If you are going with .zip or .msi package, you'll also need to install Java 8 SDK or later. Once unpacked or installed, you can run Elasticsearch from the command line or install it as a Windows service. Since I don't have Java SDK installed but have Docker, I'm going with Docker image option.

Elastic, the company behind the Elasticsearch, is hosting their own Docker registry. To pull the latest Elasticsearch image (version 6.3.0 at the moment of writing) from the registry, you need to execute this command:

> docker pull docker.elastic.co/elasticsearch/elasticsearch:6.3.0

Kibana is also interesting for playing around with Elasticsearch. It's a web GUI that lets you visualize Elasticsearch data and navigate through the whole Elastic Stack. To pull its image, execute this command:

> docker pull docker.elastic.co/kibana/kibana:6.3.0

Now that we have both Elasticsearch and Kibana downloaded, we can run them under the same network. First, let's create a Docker network:

> docker network create esnetwork --driver=bridge

With the network set up, run both Elasticsearch and Kibana containers:

> docker run -p 9200:9200 -p 9300:9300 -e "discovery.type=single-node" --name elasticsearch -d --network esnetwork docker.elastic.co/elasticsearch/elasticsearch:6.3.0
> docker run -p 5601:5601 --name kibana -d --network esnetwork docker.elastic.co/kibana/kibana:6.3.0

We also need to map a volume to avoid the data being reset each time we restart the container, which further complicates the command. Instead of that, we can use docker-compose. Let's create docker-compose.yml file with the following content:

version: '2'
services:
    elasticsearch:
        image: docker.elastic.co/elasticsearch/elasticsearch:6.3.0
        ports:
            - "9200:9200"
            - "9300:9300"
        volumes:
            - esdata:/usr/share/elasticsearch/data
        networks:
            - esnetwork
    kibana:
        image: docker.elastic.co/kibana/kibana:6.3.0
        ports:
            - "5601:5601"
        networks:
            - esnetwork
        depends_on:
            - elasticsearch
    volumes:
        esdata:
            driver: local
    networks:
        esnetwork:
            driver: bridge

So, in short, we create two services elasticsearch and kibana and connect them via bridge network. kibana depends on elasticsearch in order to prevent it from being started first. If elasticsearch container start fails, kibana will fail too. We are also using the default ports for both.

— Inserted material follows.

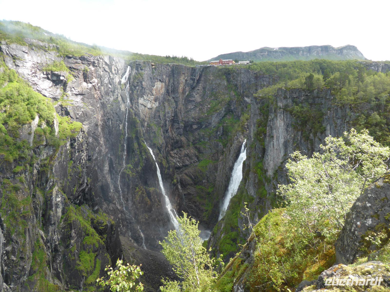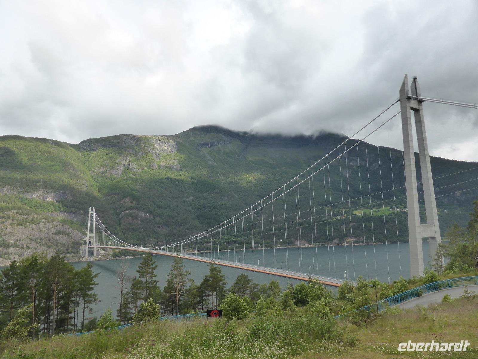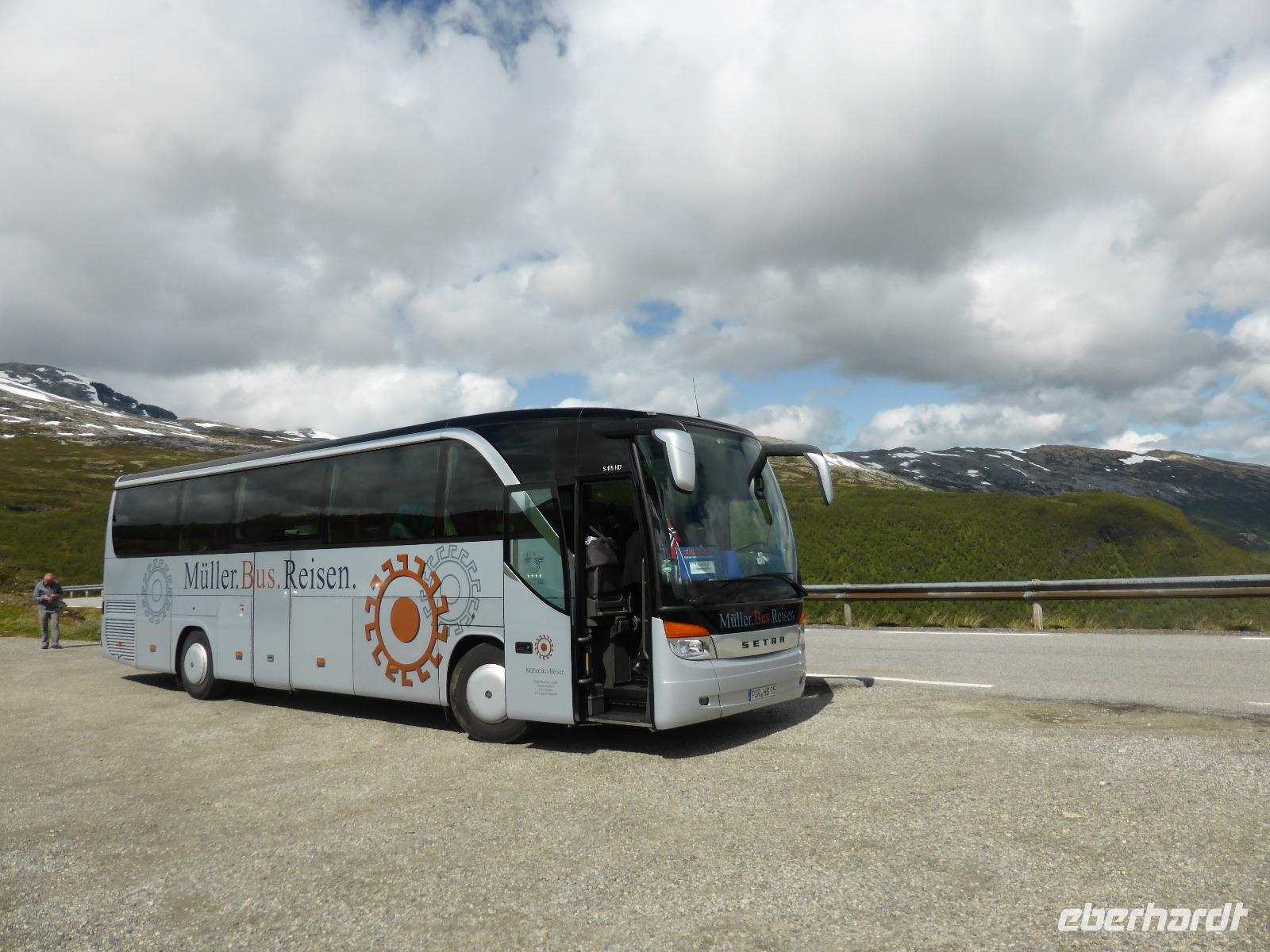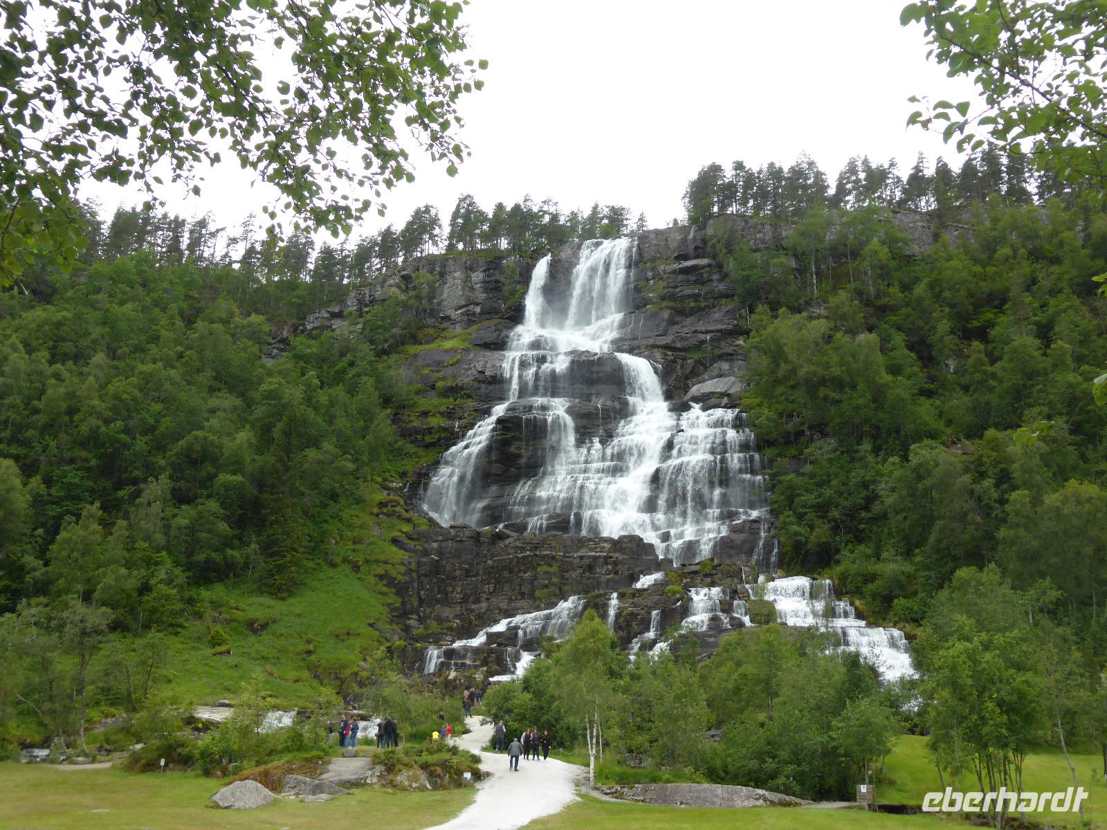 Doch bevor wir diesen Fjord erreichten, legten wir einen Stopp am Steindalsfossen ein. Dieser Wasserfall ist eine Besonderheit, da man hinter dem Wasser entlang gehen kann ohne nass zu werden. Er entstandt 1699 als der Fluss seinen Verlauf änderte. Entlang der schmalen Straßen fuhren wir entlang des malerischen Hardangerfjordes. Die Engstellen meisterte Dieter wieder mit Bravour. Den Hardangerfjord überquerten wir mit der spektakulären Hardangerbrücke, welche 2013 eröffnet wurde. Auf dem Weg zur Hardangervidda, dem „Dach Norwegens" passierten wir im Mabötal den Vöringfossen. Er gehört zu den bekanntesten Wasserfällen Norwegens. Von zwei Standorten aus konnten wir die Kraft des Wassers bewundern. Aus touristischen Gründen wird der Wasserfall in den Sommermonaten zur Energiegewinnung nicht „abgedreht".

To run everything, we can just do:

> docker-compose up

Now both Elasticsearch and Kibana are started. Browse http://localhost:5601/ to be greeted with Kibana dashboard.

Kibana dashboard

That's everything we need for running Elasticsearch in dev environment. Installation on production environment shouldn't be too hard either as there are packages for various Linux distros. Also, there are Elasticsearch SaaS offerings from all major cloud vendors and from Elastic itself.

Sample project creation

To see how Elasticsearch works with ASP.NET Core, we'll create a new blog project, using Mads Kristensen's MiniBlog.Core template. MiniBlog is a simple blogging engine built on ASP.NET Core 2.0.

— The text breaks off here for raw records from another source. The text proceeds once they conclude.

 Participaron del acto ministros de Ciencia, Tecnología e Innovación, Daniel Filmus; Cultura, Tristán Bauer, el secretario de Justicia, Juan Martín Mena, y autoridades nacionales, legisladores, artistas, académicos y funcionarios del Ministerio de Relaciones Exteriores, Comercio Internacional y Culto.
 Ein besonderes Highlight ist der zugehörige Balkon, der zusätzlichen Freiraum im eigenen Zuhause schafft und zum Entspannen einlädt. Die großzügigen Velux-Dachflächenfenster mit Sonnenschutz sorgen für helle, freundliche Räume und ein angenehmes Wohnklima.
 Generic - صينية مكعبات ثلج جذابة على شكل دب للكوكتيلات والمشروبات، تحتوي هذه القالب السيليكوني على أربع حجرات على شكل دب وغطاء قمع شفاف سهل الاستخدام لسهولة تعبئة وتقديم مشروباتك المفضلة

If you don't want to follow the step-by-step creation of the new project and adding functionality to it, there's a complete sample on GitHub.

On the command line, install the template:

> dotnet new --install MadsKristensen.AspNetCore.Miniblog

Then create the project and add the NEST NuGet package:

> dotnet new miniblog --name MiniBlogElasticsearch
> dotnet add package NEST

Open the project with Visual Studio Code or with Visual Studio 2017:

> code .

If you start the debugging now or do dotnet run from the command line, you should get the following welcome post in your browser:

MiniBlog.Core Welcome

You can log in (using Sign in link at the bottom of the page) and create new posts - we will need several in order to test how search is working. Use demo for both username and password.

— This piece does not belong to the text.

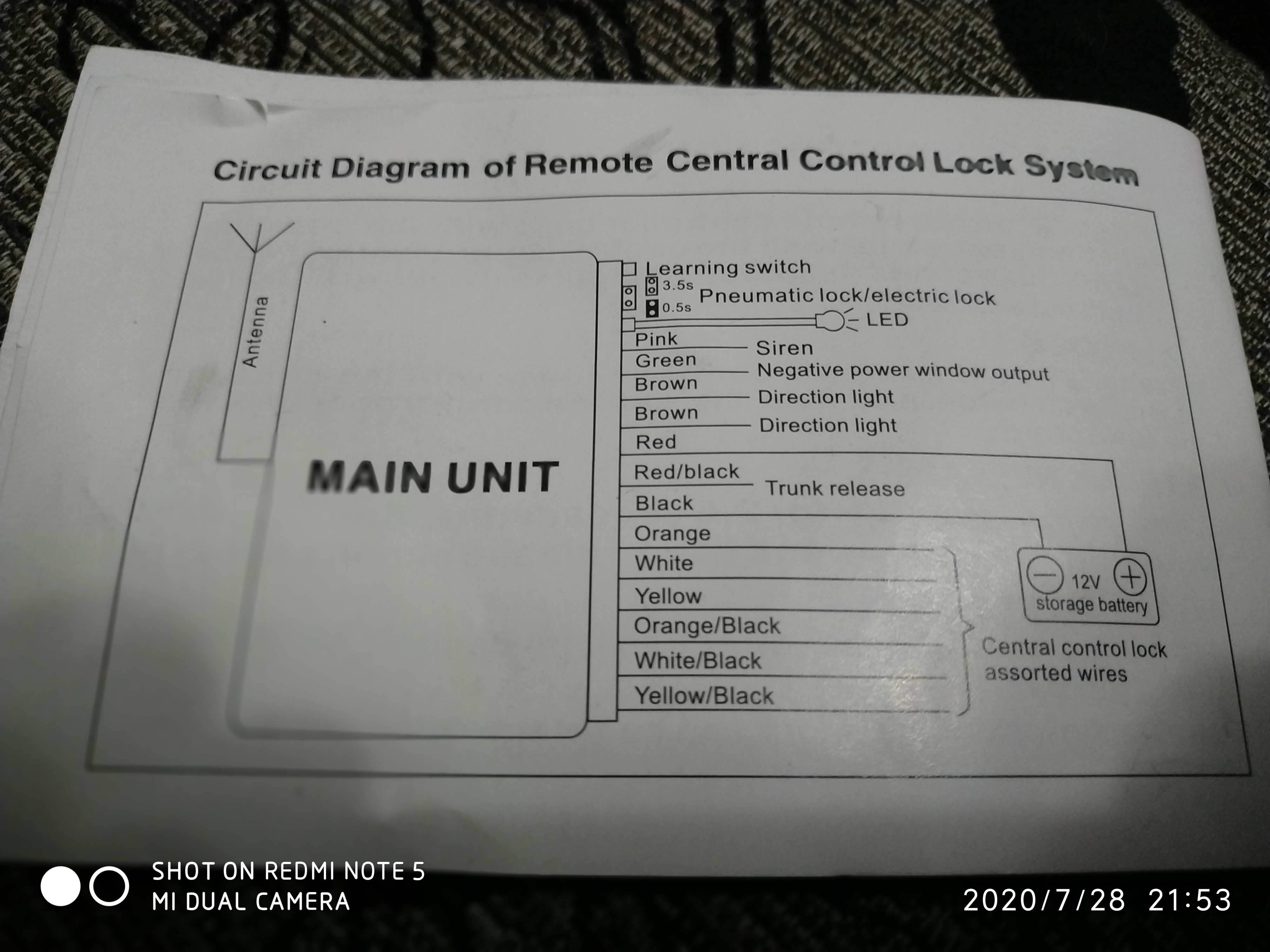 Модулът очевидно е предвиден и за автомобили с независимо заключване на двете предни врати и общо на задните, както и отключване на багажника. С една контролна лампа лесно може да се определи кои проводници "отключват" и кои "заключват". Логиката сочи, че тези без черна ивица извършват едното действие, а маркираните с ивица - другото. Въпрос на проверка с уред или пробна лампа.
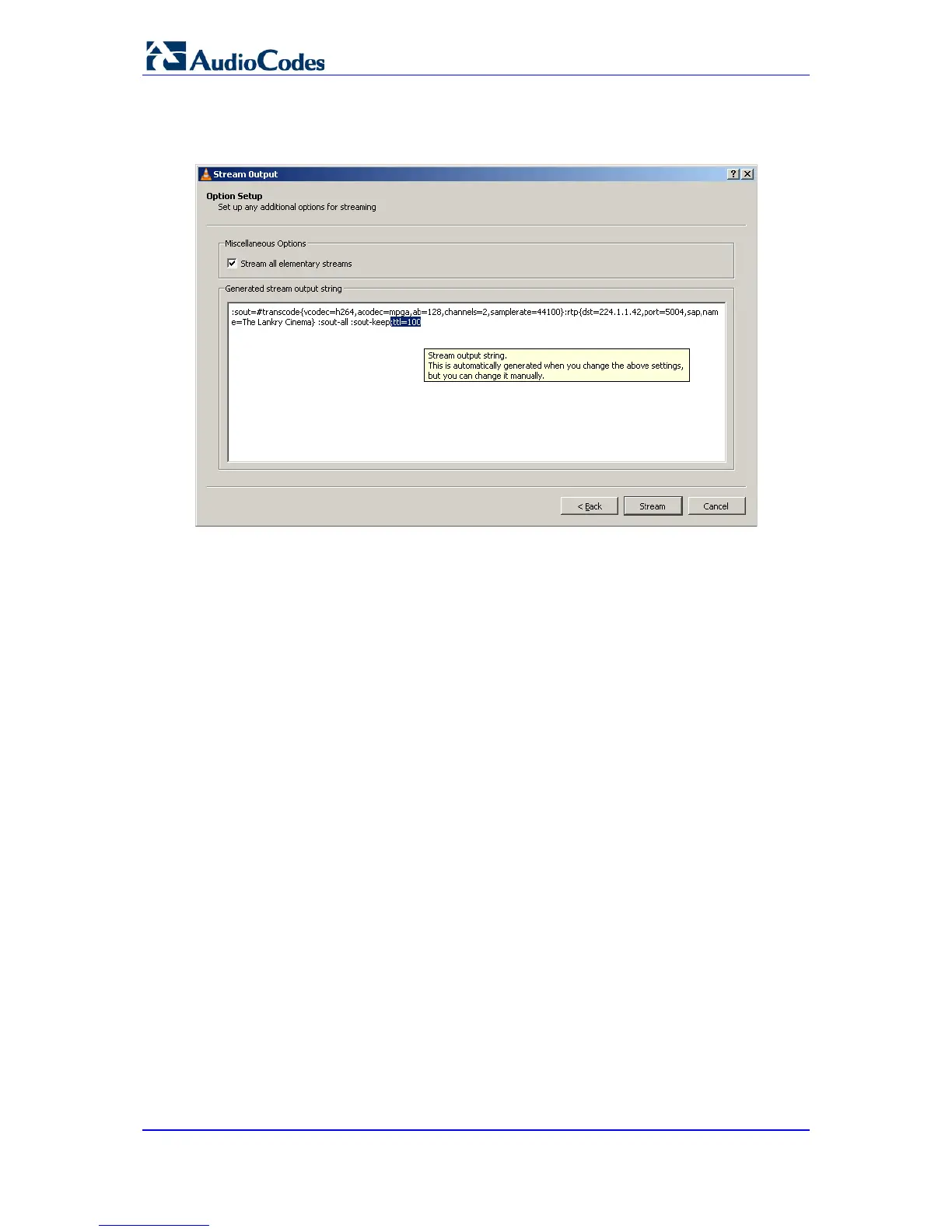 Figure 21-6: Stream Output-Destination Setup-Option Setup

Configuring Elasticsearch client

NEST NuGet package is already installed in the previous step. NEST is a high level .NET client for Elasticsearch which provides a way to call Elasticsearch REST APIs via strongly-typed, easy to use, query DSL. There's a good Getting started document on Elastic search documentation which can bring you up to speed.

For connecting to Elasticsearch API, we will use ElasticClient which needs to be configured first. The documentation states that ElasticClient is thread safe and hence it's possible to use a singleton instance of it per application (or per index). In order to be good ASP.NET Core citizens, let's initialize everything we need for Elasticsearch in Startup class' ConfigureServices method. Of course, we'll follow the best practices and add extension method for it:

// In Startup class
public void ConfigureServices(IServiceCollection services)
{
    // ...
    services.AddElasticsearch(Configuration);
}

And here's the basic extension method implementation:

public static class ElasticsearchExtensions
{
    public static void AddElasticsearch(
        this IServiceCollection services, IConfiguration configuration)
    {
        var url = configuration["elasticsearch:url"];
        var defaultIndex = configuration["elasticsearch:index"];

        var settings = new ConnectionSettings(new Uri(url))
            .DefaultIndex(defaultIndex)
            .DefaultMappingFor<Post>(m => m
                .Ignore(p => p.IsPublished)
                .PropertyName(p => p.ID, "id")
            )
            .DefaultMappingFor<Comment>(m => m
                .Ignore(c => c.Email)
                .Ignore(c => c.IsAdmin)
                .PropertyName(c => c.ID, "id")
            );

        var client = new ElasticClient(settings);

        services.AddSingleton<IElasticClient>(client);
    }
}

The method expects that there is an elasticsearch section in the configuration, so we need to add it to appsettings.json (or other configuration source):

{
    "elasticsearch": {
        "index": "miniblog",
        "url": "http://localhost:9200/"
    }
}

index should point to the default index in Elasticsearch and url to the actual address of our Elasticsearch instance. Note that the organization within Elasticsearch is a bit different than within relational database server. When I first looked into it, I thought that index is an equivalent of a single database and type an equivalent of a database table. However, it's not really like that. Types are now obsolete from version 6.0.0 and will be completely removed in version 7.0.0. Indices should contain a single type only. Fortunately, we only have one type that needs to be indexed and searched - a blog Post. Comment type is nested and indexed under Post.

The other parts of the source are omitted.